Re: WI today /Thurs 3/27

Stayed the same 143. I'm 12 1bs under my ww goal. Would like 2 or 3 more loss for a big bumper for cruise so my goal this week is to be very good. I go on my 8 day cruise in 9 days. I dont want to come home and my clothes not fit.

Re: WI today /Thurs 3/27

Lorraine
news flash for you...
Your body just might not budge another lb, so don't give yourself to much cushion to eat on a cruise.

Have a great time, choose your foods accordingly to program and make sure when your out at sea, walk the walking deck...

I've been on 4 cruises, didn't go near the midnite
buffet, stayed away from the ice cream machines that are flowing all over the ship and I walked in the morning.
got off the ship Went to WW and lost 2 lbs.

The 3 to 5 I'm holding under goal is all my body will tolerate, no matter what I do or eat, I can't lose
anymore.. the ol bod won't budge..

and sounds like your body is telling you to stop, and just maintain what you have.. just like mine is telling me...

Re: WI today /Thurs 3/27

That number, 143, sounds divine. I used to be 139 in high school and after my first 2 kids so that is where I'm headed. However, I'm still trying to break into the 159 range this week and my ww goal is 155. So close

Re: WI today /Thurs 3/27

Good WI today. Down 3. Don't know if it because of the new heart rate monitor or not. I seem to be exercising harder trying to get my calorie expendeture up. Of course it helped that I stayed OP even on Easter.

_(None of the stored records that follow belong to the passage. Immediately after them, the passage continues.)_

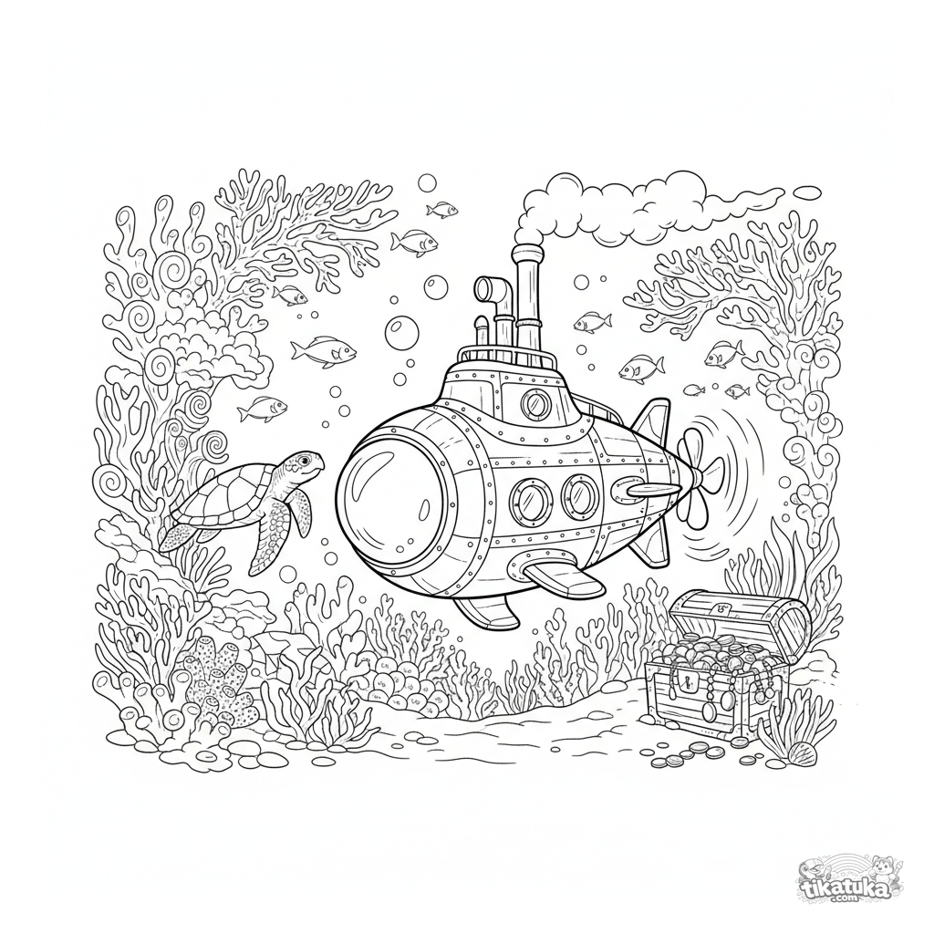 Página para colorear de vehículo difícil: un submarino a vapor detallado explora un arrecife de coral. Para niños de 8 a 12 años. Escena con tortuga marina, coral y cofre.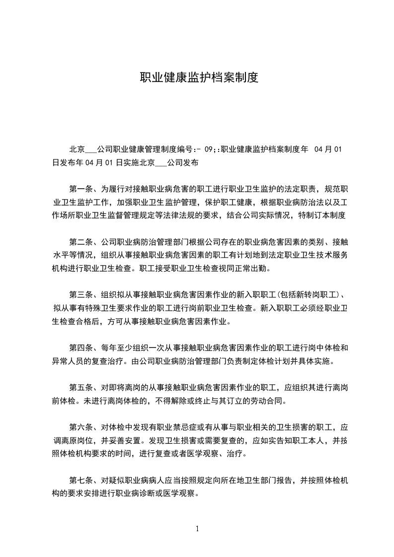 北京___公司职业健康管理制度编号:-09;:职业健康监护档案制度年04月01日发布年04月01日实施北京___公司发布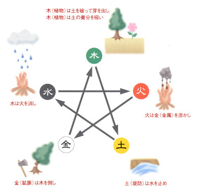 互いが助け合う関係が「相生」、互いに反発し合う関係が「相克」です。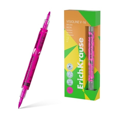 Dvipusis teksto žymeklis VISIOLINE V-16 BRUSH NEON, ErichKrause, 0.5-3.5mm, rožinės sp.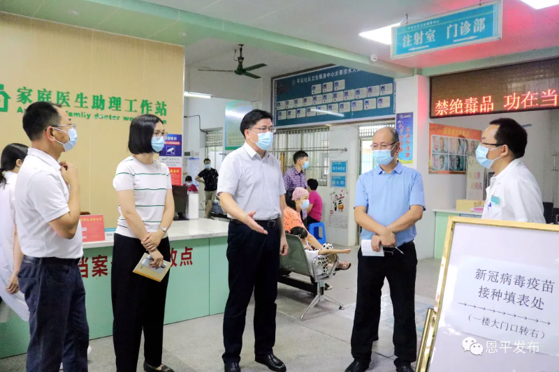 在平石社区卫生服务中心,黎沛荣实地查看了新冠病毒疫苗接种登记区、接种区、留观区等接种环境,详细了解接种流程、工作人员配备和接种进度等情况。他强调,有序开展新冠病毒疫苗接种工作是当前常态化疫情防控工作的重要内容,事关人民群众生命安全和身体健康。要进一步规范接种流程,完善工作细节,接种期间利用宣传展板、公告栏等显著位置,每小时通报一次疫苗库存量,让群众及时知悉接种情况,有效缓解等候人数过多、等候时间过长等难题。要重新规划接种点,扩大接种区和留观区面积,为群众提供舒适的接种环境,确保疫苗接种工作顺利推进。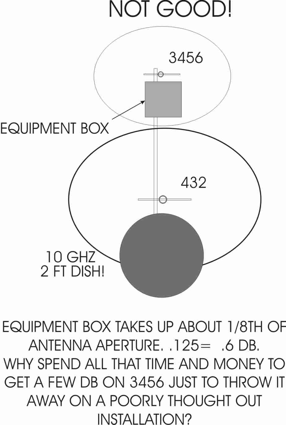 So what else should we avoid? Those darn parabolic dishes can be a pain. Unlike other yagis, which produce minimal blockage, dishes all appear as large solid lumps of metal to lower frequency antennas. A three ft or four ft dish is a huge area to block off. You could easily lose a few dB on a UHF frequency if such a dish was mounted next to a UHF yagi. Of course, the dish would function normally. Look back at FIGURE 1 for the reason! The same can be said for metal boxes and weatherproof housings such as ones that may contain microwave transverters or power amplifiers. Any metal box that is within the aperture of a microwave loop yagi will cause problems. As an example, I tried to mount a 3456 transverter with an associated 45 watt amplifier up close to my 3456 MHz loop yagi. I actually measured the effects of the box on an antenna range. As soon as the box started to enter the aperture area of the 9112LY (112 element loop yagi) I could see the gain go down. I ended up mounting the box sideways to reduce the footprint, and dropped it 14" below the loop yagi. Any closer, and I could start to see some gain drop off. I saw more than 1/2 dB of reduction with the box fully inside the aperture area. This drop in gain tracks with my mechanical calculations of blockage for the metal box as well. You struggle so hard to get gain at those frequencies. Feed line loss is high. Coax relays are lossy. Power is so hard to generate. So why squander your hard earned antenna gain with a poorly located metal box? You worked hard to get that gain. Why throw it away? The point to remember is the relative size of your obstruction vs. the calculated area of the antenna aperture. At 3456 MHz, the aperture is getting smaller, while the big metal boxes are getting bigger! I just don't put a preamp up there, I want the preamp, the transverter, and the 45 watt power amplifier up there to boot!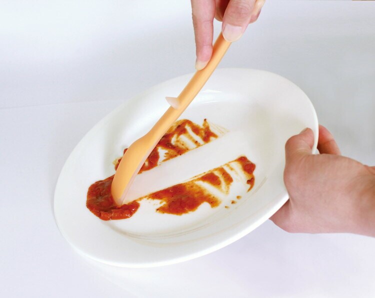 スプーンの先がスパチュラ形状なので、ペースト状でもかき取りやすく、食材がほぐしやすい。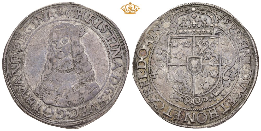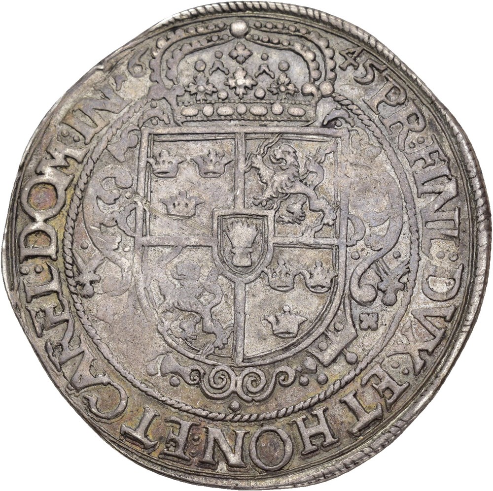 Riksdaler 1645 (28.15 g). Riga mint. Minor tooling on edge. Rare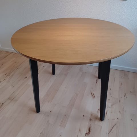 Rundt spisebord i egefiner, som er lakeret for at forlænge holdbarheden. Ø120 x H75 cm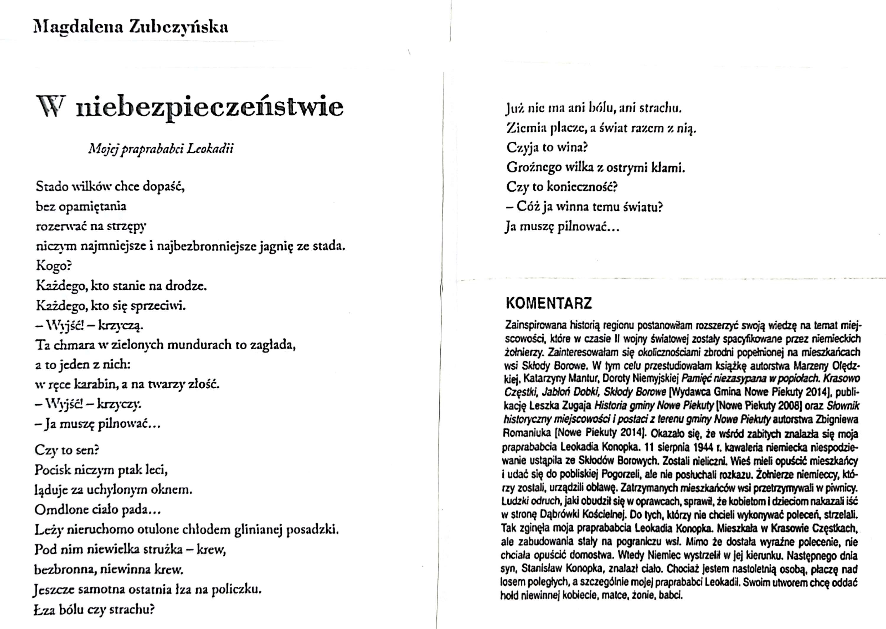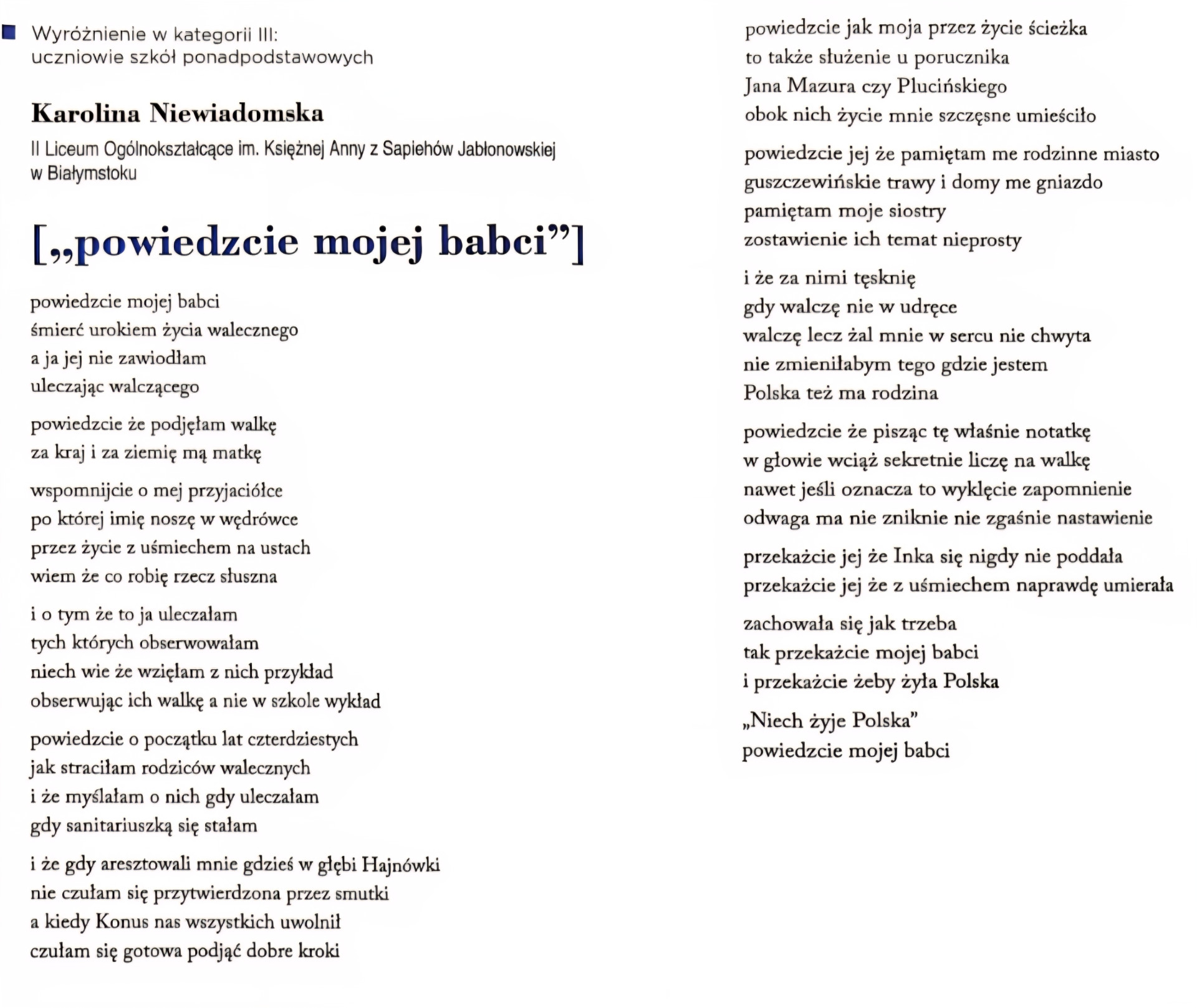 - Karolinę Niewiadomską (klasa 2 d), za utwór [„powiedzcie mojej babci”],;

Congratulations on being below your goal Lorraine.

Pat

Re: WI today /Thurs 3/27

nice loss Pat...

thats a total of 6 this month... good job..

Re: WI today /Thurs 3/27

ladies
I agree tobe about the body not budging.
Today that thought also crossed my mind. I can remember when i was getting close to goal and i wondered how i would stop losing........i was/am comfortable where i am physically. I have never weighed(155-160) in my life nor have i wore a size 8-10 pants.
My body is comfortable now as am i. I never want it to be a struggle or an obsession of what i can and can not eat.
When i go on vacation in June, i dont want to have "extra pounds" to play around with, meaning if i know i am down xx amount of pounds, i can splurge. I am sure i could fill that quoto in one day of splurging....but it may take me 2-3 weeks of up/downs to take that little splurge off. I dont want to think oh, i wonder how many points that is, and walk away with my pen and tracker. Sooner or later i am going to have to trust myself that after a year of being on this lifestyle and knowing it works, i can do it without thinking "how many points is that" I have to let go of that security blanket sometime. I know what common sense portions sizes are and a little taste of this and that is. I also know what my triggers are.

Like You said, wise choices and healthy food decisions.